To our knowledge, this is the first report of antifungal-resistant profiles for R. mucilaginosa isolates from canine skin and ear canals. All isolates were resistant to azoles and genetically close to FLZ-resistance human isolates of R. mucilaginosa (Table 1 and Fig. 1) [6]. Due to resistance, it is expected that treatment will be difficult if it infects humans. However, the prevalence of resistant strains of R. mucilaginosa in dogs was unclear in this study, but we found more isolates than expected (the original purpose of this study was the isolation of M. pachydermatis). Unfortunately, there are few reports of drug susceptibility testing of R. mucilaginosa isolated in the environment or from the skin of healthy humans and dogs, so it is unknown whether it was resistant from the beginning or acquired resistance by antifungal treatments.

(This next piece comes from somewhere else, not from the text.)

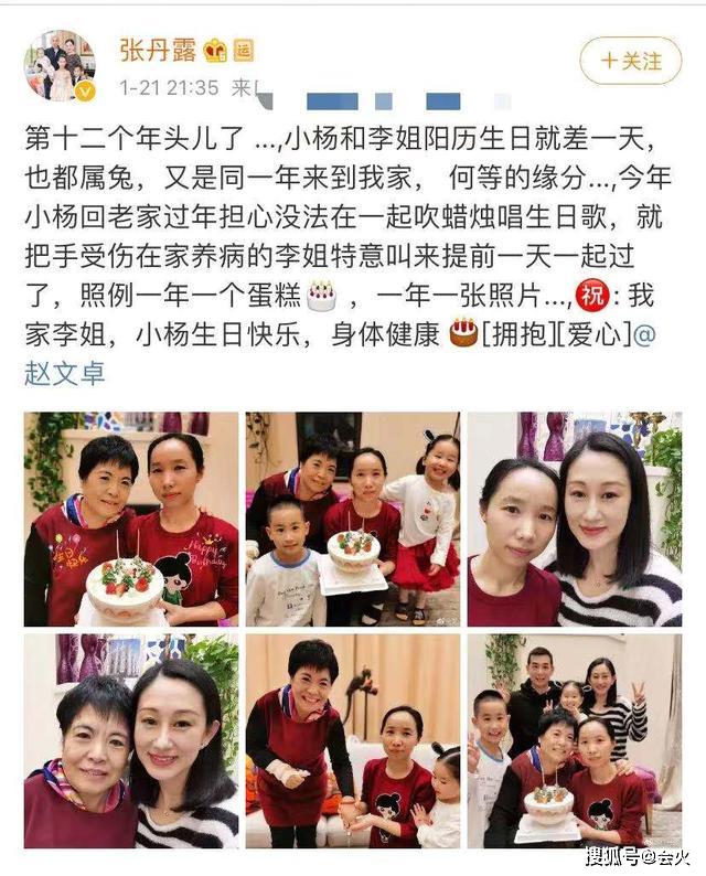 1月21日晚,演员赵文卓的妻子张丹露在某社交平台上为自家保姆庆生,字里行间都是对保姆的感谢之情。
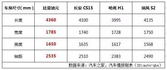在車身尺寸上,元的長寬高分別為4360mm、1785mm、1650mm,在小型SUV陣營里優(yōu)勢較為明顯,面對競爭對手長安CS15、哈弗H1、瑞風(fēng)S2,元全面勝出。尤其是軸距一項,達(dá)到難能可貴的1650mm,這要吊打哈弗H1的2383mm。

Tang et al. investigated canine skin and ear microbiomes using next-generation sequencing assays and did not detect Rhodotorula spp. genes from healthy and clinically affected dogs [9]. From their report, R. mucilaginosa is not expected to be a major microbe of the skin and ear canal [9]. However, we isolated R. mucilaginosa easily.
The history of antifungal treatment may have led to microbial replacement by R. mucilaginosa, that is resistant to antifungal agents. The desired isolation of M. pachydermatis was not possible from these cases. Only R. mucilaginosa was isolated from all the growing colonies on mDixon, which is the isolation medium for Malassezia species from canine skin [5]. We speculate that treatment with antifungal agents may be due to fungal alternation, in which M. pachydermatis on the skin surface, which was originally desired to be isolated, was reduced and R. mucilaginosa is increased.
If artificial changes in the microbial flora to drug-resistant yeasts occur in the skin and ear canals of Japanese pet dogs, there is concern that the risk of zoonotic diseases will increase. In future research, it is necessary to investigate the microbial flora of the skin and ear canals of Japanese pet dogs by microbiome analysis using next-generation sequence analysis.
CONFLICT OF INTEREST
The authors declare no conflict of interest.